Exercise material:
====================

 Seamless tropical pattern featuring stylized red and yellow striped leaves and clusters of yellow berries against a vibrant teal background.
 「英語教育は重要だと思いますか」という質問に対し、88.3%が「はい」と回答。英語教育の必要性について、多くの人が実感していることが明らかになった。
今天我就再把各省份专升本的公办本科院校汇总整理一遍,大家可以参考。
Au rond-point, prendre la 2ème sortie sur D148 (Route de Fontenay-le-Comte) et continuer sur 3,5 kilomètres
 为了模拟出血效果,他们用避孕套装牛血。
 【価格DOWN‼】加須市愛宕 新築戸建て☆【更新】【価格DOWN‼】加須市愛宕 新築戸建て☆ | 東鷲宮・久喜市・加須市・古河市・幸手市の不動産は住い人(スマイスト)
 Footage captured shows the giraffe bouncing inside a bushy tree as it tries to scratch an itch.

====================

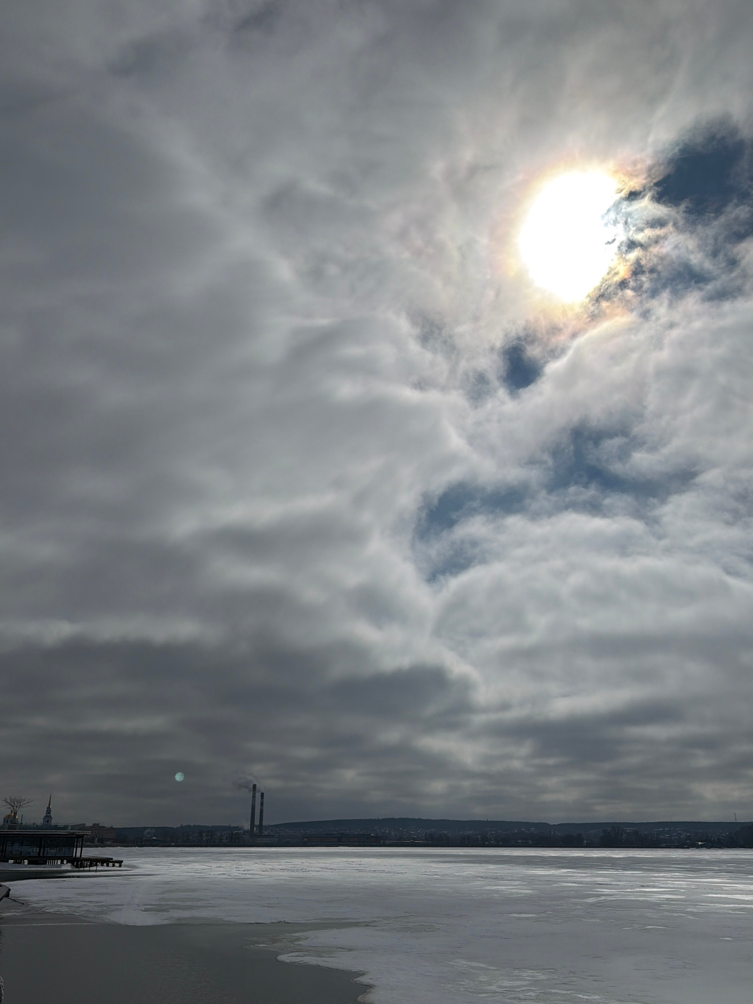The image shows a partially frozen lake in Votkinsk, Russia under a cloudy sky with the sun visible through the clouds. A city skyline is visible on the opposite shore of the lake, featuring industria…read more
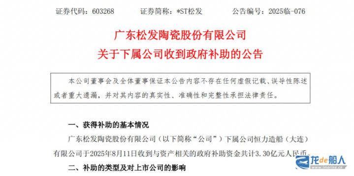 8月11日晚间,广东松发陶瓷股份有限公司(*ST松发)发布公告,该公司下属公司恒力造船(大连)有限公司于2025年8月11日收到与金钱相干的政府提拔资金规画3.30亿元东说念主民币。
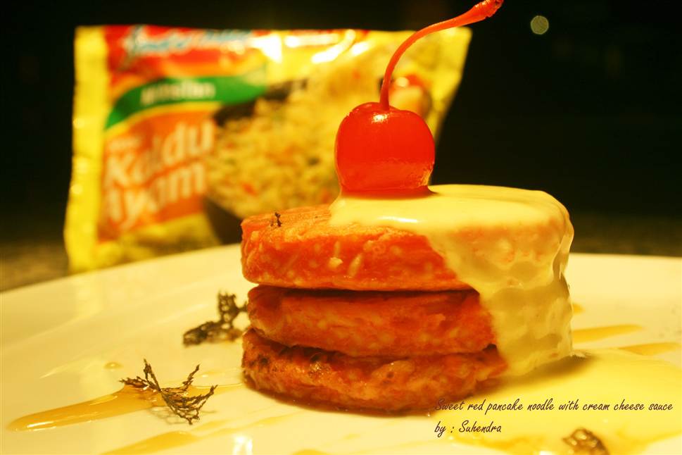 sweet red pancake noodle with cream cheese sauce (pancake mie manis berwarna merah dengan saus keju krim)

====================

What you have to do:
Of all the entries above, output exactly the lines between the one holding "Seamless tropical pattern" and the one holding "今天我就再把各省份专升本的公办本科院校汇总整理一遍,大家可以参考。", inclusive.

Solution:
 Seamless tropical pattern featuring stylized red and yellow striped leaves and clusters of yellow berries against a vibrant teal background.
 「英語教育は重要だと思いますか」という質問に対し、88.3%が「はい」と回答。英語教育の必要性について、多くの人が実感していることが明らかになった。
今天我就再把各省份专升本的公办本科院校汇总整理一遍,大家可以参考。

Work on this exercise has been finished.